Work to be completed >>
Every line from the one containing "Eine neue und" to the end of the records below must be copied exactly, and no pictures may be included.

***** Records for the exercise *****

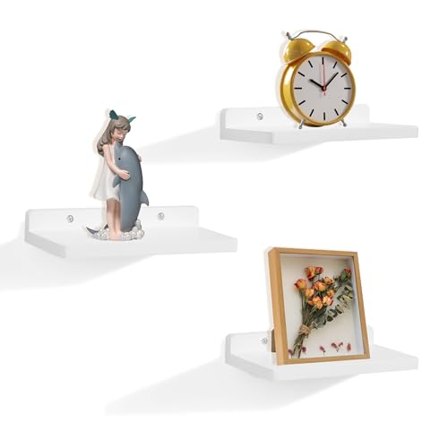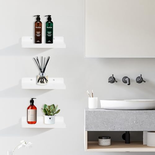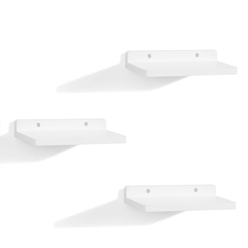 NIUBEST - رف عائم صغير من نيوبيست، 5 × 8.5 انش، مجموعة من 3 ارفف حائط صغيرة لغرفة النوم وغرفة المعيشة والحمام والمطبخ والمكتب (ابيض)
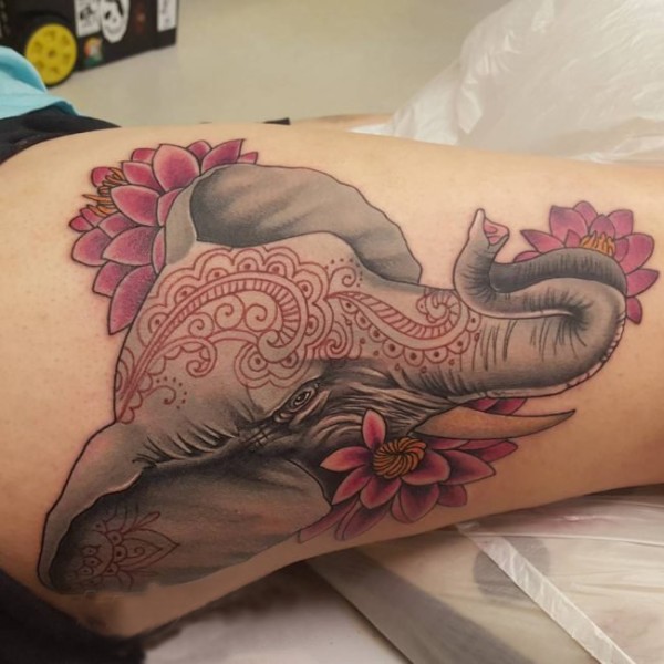 多款创意个性的唯美花纹民族风味动物大象纹身图案
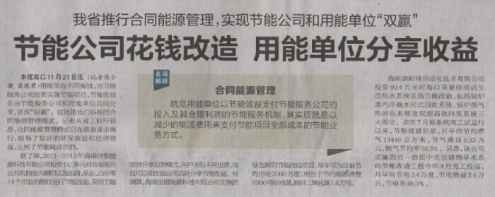 海南日报海口2014年11月21日讯。用能单位不用掏钱,由节能服务公司投资实施节能项目,节能收益则由节能服务公司和用能单位共同分享,实现“双赢”。这就是我们俗称的合同能源管理模式。
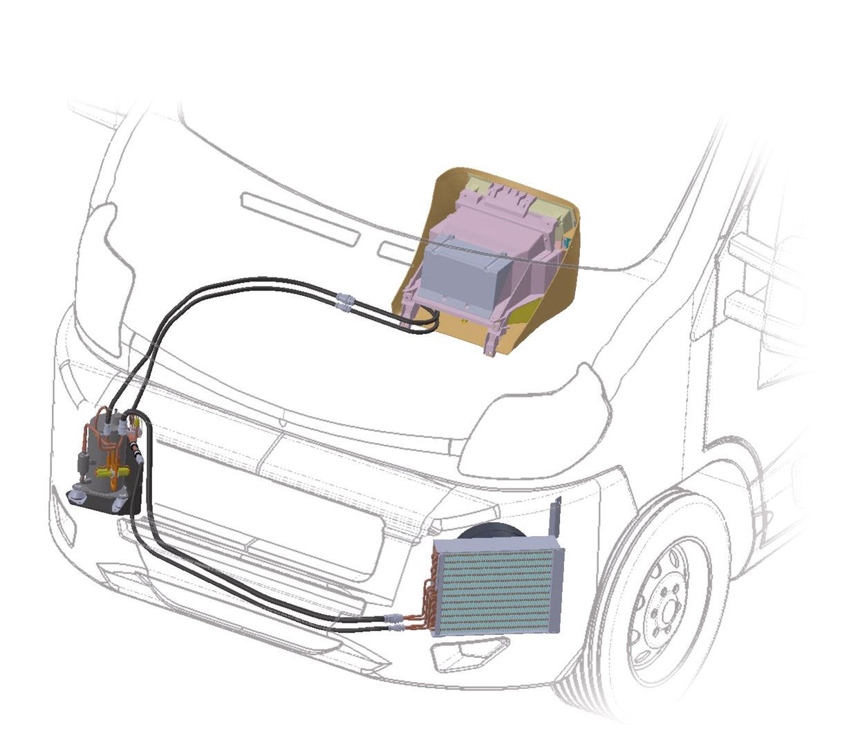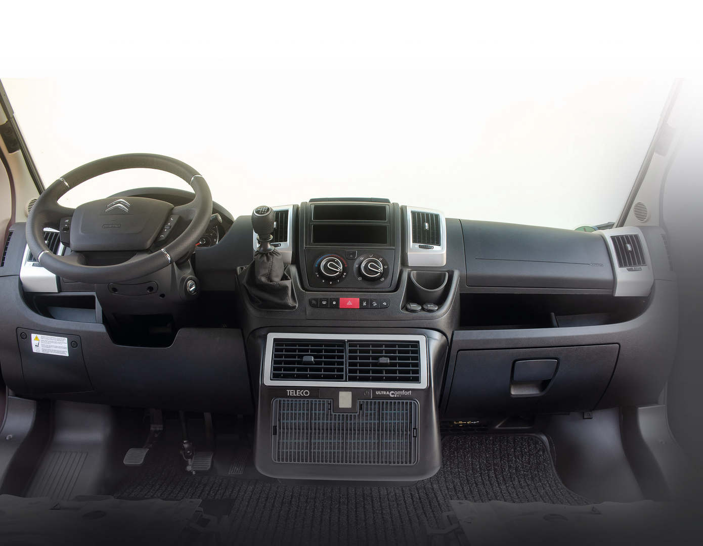 Eine neue und innovative Konstruktion verlagert die Klimaanlagen für Wohnmobile vom Dach in den Motorraum, mit dem Diffusor unter dem Armaturenbrett.
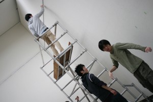 デジタルメディアデザインコースの学生が照明器具の設置に応援に来てくれました。学生とは思えない仕事ぶりです。普段のチームワークの良さを発揮していました。とても頼りになります。
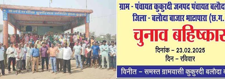 त्रिस्तरीय पंचायत चुनाव के तीसरे चरण में बलौदाबाजार जनपद पंचायत के ग्राम पंचायत कुकुरदी के ग्रामीणों ने चुनाव का बहिष्कार कर दिया है. सांवरा जाति के लोगों को उनके ग्राम पंचायत के वार्ड नंबर 12 में शामिल किए जाने का लगातार विरोध करते हुए चुनाव में मतदान नहीं करने का निर्णय लिया है.
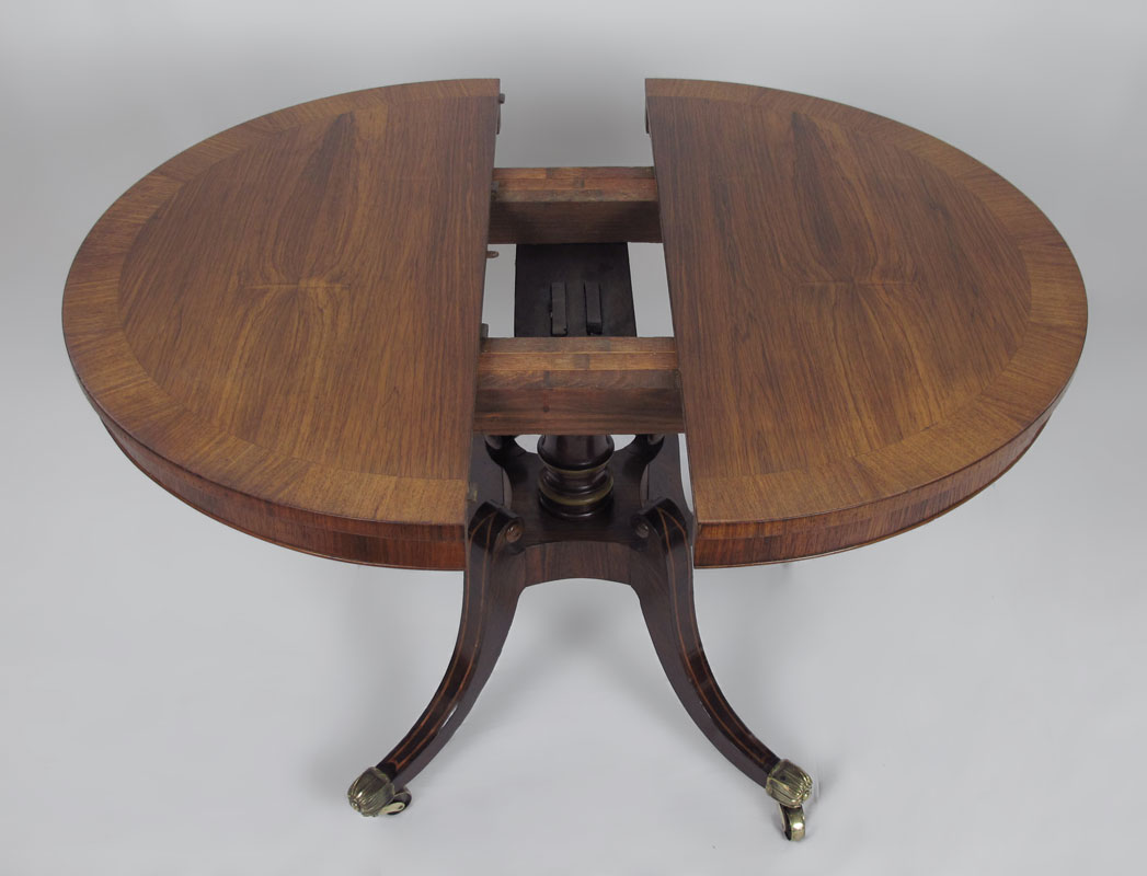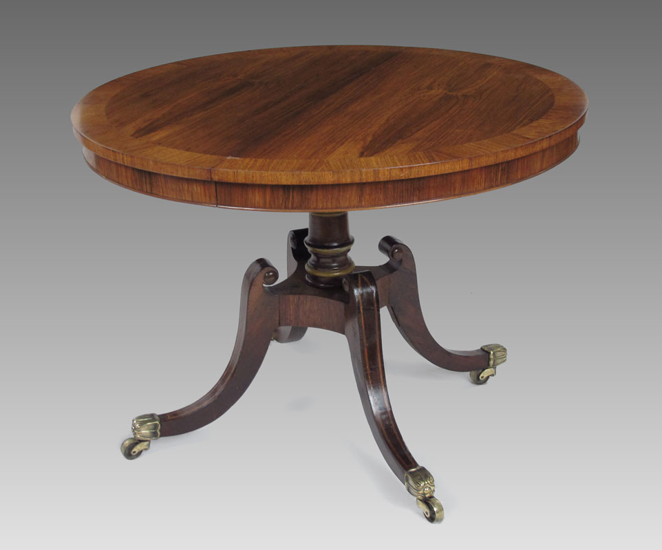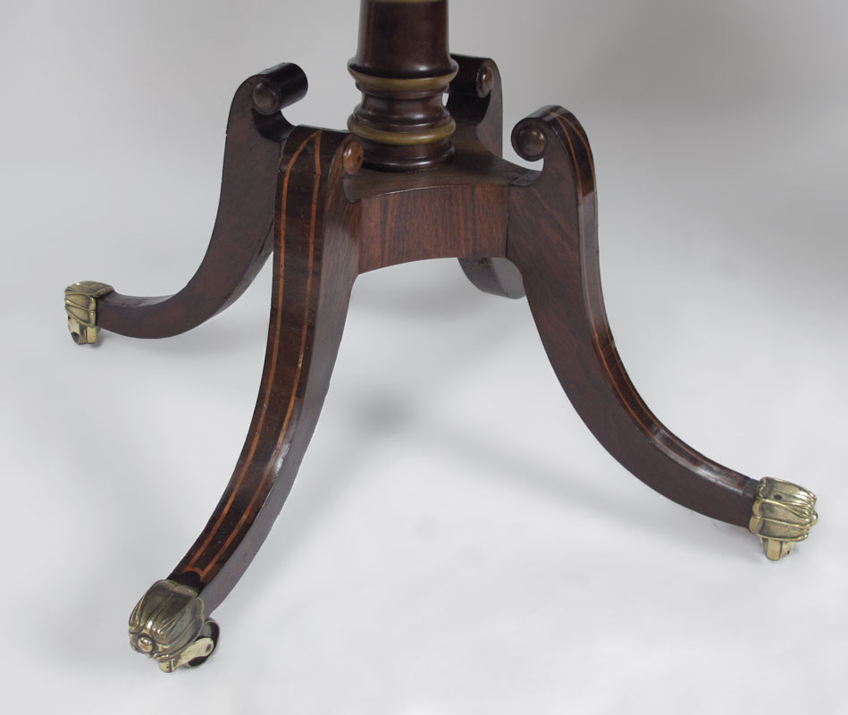 19th C ENGLISH BANDED MAHOGANY CENTER TABLE: Round table, turned shaft, string inlay splay legs ending in brass castors. Approx. 28''h. x 38'' dia.
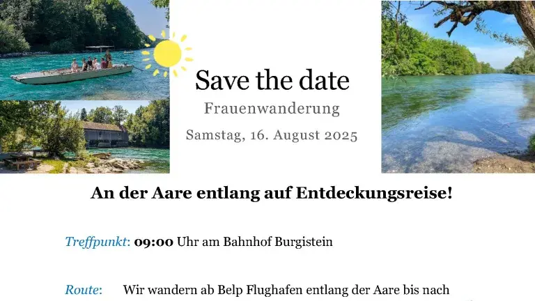 Wir wandern ab Belp Flughafen entlang der Aare bis nach Bern zum Bärenpark – wer mag kann noch weiter bis zum wunderschönen Berner Rosengarten.

*****

Answer section >>
 Eine neue und innovative Konstruktion verlagert die Klimaanlagen für Wohnmobile vom Dach in den Motorraum, mit dem Diffusor unter dem Armaturenbrett.
 デジタルメディアデザインコースの学生が照明器具の設置に応援に来てくれました。学生とは思えない仕事ぶりです。普段のチームワークの良さを発揮していました。とても頼りになります。
 त्रिस्तरीय पंचायत चुनाव के तीसरे चरण में बलौदाबाजार जनपद पंचायत के ग्राम पंचायत कुकुरदी के ग्रामीणों ने चुनाव का बहिष्कार कर दिया है. सांवरा जाति के लोगों को उनके ग्राम पंचायत के वार्ड नंबर 12 में शामिल किए जाने का लगातार विरोध करते हुए चुनाव में मतदान नहीं करने का निर्णय लिया है.
 19th C ENGLISH BANDED MAHOGANY CENTER TABLE: Round table, turned shaft, string inlay splay legs ending in brass castors. Approx. 28''h. x 38'' dia.
 Wir wandern ab Belp Flughafen entlang der Aare bis nach Bern zum Bärenpark – wer mag kann noch weiter bis zum wunderschönen Berner Rosengarten.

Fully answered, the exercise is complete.